WHAT YOU HAVE TO DO: Take from the data every line in which the word "include" is found.
▬▬▬▬▬▬▬▬▬▬
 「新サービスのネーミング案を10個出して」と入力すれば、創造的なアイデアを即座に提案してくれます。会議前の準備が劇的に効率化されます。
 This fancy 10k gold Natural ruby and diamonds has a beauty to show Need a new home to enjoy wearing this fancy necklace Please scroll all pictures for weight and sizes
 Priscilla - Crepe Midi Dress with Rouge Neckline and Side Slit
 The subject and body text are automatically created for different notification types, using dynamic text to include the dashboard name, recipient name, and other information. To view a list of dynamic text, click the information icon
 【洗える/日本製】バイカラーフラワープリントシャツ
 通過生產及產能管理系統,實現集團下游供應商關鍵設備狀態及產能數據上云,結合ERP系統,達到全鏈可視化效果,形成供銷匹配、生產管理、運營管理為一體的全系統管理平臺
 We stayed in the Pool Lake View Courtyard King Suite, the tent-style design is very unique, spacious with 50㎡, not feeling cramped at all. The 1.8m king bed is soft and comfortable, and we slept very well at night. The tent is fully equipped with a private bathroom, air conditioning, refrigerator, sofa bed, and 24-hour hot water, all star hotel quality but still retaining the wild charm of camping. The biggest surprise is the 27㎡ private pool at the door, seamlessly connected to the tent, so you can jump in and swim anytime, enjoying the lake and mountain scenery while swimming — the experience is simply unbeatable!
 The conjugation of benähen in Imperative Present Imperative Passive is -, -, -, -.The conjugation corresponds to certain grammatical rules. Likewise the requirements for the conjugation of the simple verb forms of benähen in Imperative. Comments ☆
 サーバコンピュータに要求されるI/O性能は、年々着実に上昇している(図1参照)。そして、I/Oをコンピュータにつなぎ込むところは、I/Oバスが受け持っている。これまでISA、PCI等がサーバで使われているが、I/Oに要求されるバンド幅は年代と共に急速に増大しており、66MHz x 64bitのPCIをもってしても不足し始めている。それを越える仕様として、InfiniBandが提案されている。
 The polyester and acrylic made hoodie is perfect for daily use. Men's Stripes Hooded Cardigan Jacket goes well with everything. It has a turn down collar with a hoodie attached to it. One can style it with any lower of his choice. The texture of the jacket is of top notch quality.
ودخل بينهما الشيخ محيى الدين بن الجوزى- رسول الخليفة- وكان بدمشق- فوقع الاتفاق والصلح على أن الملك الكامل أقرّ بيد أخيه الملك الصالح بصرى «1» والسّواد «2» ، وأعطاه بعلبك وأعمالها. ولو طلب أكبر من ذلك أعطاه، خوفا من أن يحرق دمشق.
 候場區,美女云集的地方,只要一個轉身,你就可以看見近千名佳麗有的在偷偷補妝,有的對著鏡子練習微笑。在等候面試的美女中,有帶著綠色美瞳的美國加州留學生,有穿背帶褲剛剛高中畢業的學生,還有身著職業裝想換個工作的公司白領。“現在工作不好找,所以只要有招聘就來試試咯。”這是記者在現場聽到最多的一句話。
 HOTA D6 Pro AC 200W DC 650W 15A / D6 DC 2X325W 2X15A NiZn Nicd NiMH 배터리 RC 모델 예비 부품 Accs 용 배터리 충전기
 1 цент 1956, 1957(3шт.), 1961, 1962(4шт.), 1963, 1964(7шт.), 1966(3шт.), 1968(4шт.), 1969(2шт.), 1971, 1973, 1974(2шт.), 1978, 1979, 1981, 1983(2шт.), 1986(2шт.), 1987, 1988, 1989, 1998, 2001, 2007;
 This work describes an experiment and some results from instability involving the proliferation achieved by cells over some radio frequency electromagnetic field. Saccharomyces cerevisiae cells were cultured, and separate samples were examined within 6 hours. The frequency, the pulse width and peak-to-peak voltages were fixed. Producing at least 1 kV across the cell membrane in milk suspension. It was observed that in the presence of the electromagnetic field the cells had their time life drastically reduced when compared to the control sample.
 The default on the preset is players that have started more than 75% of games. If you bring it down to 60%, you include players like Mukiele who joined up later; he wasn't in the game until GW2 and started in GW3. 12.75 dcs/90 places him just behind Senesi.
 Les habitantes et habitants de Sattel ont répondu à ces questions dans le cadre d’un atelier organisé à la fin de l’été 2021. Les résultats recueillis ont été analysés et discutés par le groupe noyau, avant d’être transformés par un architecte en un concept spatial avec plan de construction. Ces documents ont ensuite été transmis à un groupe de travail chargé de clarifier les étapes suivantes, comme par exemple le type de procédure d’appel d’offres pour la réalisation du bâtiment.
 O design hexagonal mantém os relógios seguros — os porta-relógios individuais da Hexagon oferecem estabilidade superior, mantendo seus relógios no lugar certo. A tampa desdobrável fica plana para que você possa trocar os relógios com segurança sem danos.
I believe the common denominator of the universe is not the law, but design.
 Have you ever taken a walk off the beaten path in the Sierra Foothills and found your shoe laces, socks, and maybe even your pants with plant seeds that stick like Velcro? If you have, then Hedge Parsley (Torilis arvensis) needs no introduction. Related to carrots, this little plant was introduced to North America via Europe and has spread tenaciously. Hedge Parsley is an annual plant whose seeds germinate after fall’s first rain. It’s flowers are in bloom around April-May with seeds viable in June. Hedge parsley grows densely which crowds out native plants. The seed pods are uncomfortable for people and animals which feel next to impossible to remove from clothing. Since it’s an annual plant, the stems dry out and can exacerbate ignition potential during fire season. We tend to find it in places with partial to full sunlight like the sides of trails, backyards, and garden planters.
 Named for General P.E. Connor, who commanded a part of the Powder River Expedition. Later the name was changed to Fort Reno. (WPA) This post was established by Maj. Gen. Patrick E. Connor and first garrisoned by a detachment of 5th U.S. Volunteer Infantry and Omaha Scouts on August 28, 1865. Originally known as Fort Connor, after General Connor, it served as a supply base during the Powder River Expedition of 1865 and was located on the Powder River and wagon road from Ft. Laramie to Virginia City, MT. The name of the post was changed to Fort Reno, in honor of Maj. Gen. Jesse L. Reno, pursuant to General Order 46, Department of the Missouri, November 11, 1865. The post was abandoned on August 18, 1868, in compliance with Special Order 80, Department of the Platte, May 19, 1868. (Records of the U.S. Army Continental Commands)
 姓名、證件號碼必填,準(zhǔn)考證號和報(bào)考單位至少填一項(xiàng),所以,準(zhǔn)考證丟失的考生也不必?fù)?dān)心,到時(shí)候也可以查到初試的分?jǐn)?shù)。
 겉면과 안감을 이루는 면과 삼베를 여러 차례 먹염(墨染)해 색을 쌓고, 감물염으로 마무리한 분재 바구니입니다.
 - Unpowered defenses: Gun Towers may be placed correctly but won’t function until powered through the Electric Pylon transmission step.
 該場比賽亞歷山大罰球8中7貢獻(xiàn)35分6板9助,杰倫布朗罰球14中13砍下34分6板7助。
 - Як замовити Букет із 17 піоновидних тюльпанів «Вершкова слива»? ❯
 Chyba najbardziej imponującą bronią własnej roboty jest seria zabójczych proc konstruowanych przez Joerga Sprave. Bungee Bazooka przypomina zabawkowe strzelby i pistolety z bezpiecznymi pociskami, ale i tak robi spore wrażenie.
▬▬▬▬▬▬▬▬▬▬
REPLY:
 The subject and body text are automatically created for different notification types, using dynamic text to include the dashboard name, recipient name, and other information. To view a list of dynamic text, click the information icon
 The default on the preset is players that have started more than 75% of games. If you bring it down to 60%, you include players like Mukiele who joined up later; he wasn't in the game until GW2 and started in GW3. 12.75 dcs/90 places him just behind Senesi.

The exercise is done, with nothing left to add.